KIDAPAWANCITY (MindaNews/19 May) — The Regional Trial Court Branch 17 has set for May 31 the second hearing on the case filed by Vice Mayor Joseph Evangelista against the National Power Corporation (Napocor) and other energy service providers on the city’s demand for its share of 25% load dispatch during energy crises.
The city has been suffering from long power outages.
Napocor filed a motion to dismiss the case but Evangelista’s lawyers opposed it during the preliminary hearing on May 17.
Both parties were ordered to submit a memorandum of their motions and argumentations.
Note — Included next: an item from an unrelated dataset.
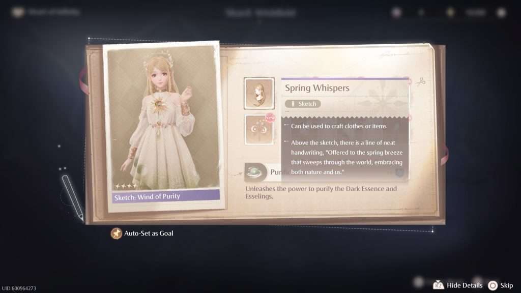 While exploring, you begin to learn about Whimstars which are collectibles that allow Nikki to obtain sketches for the dresses. The sketches are required to craft the dress. Think crafting recipes.

The court also ordered the submission of data as to the megawatts the geothermal power plants of the Energy Development Corporation (EDC) generated last April.
This, the court explained, would determine if the 25 percent priority load dispatch from the geothermal power plants the city hosts, was supplied to Cotelco.
Evangelista’s lawyer, Gary Vergara, cited as basis for their opposition to dismiss the case, the guidelines issued in March 2002 by the Integrated Bar of the Philippines (IBP) that prohibit parties to file motion to dismiss on cases involving mandamus.
Evangelista filed a “Mandamus with Prayer for the Issuance of a Writ of Preliminary Injunction and Damages” with the RTC branch 17 against Energy Secretary Jose Almendras; Froilan Tampinco, Napocor president and its Board of Directors; Emmanuel Ledesma Jr., president of the Power Sector Assets Liabilities and Management (PSALM), and its Board of Directors; and Richard Tantoco, EDC President and Chief Executive Officer and its Board of Directorsm, for allegedly not heeding the city’s demand to be given its share of electricity from the geothermal power plants it hosts.
Last April, the Cotabato Electric Cooperative (Cotelco), the service provider for Kidapawan City and in the whole province of North Cotabato, was given only a load of about 20 megawatts.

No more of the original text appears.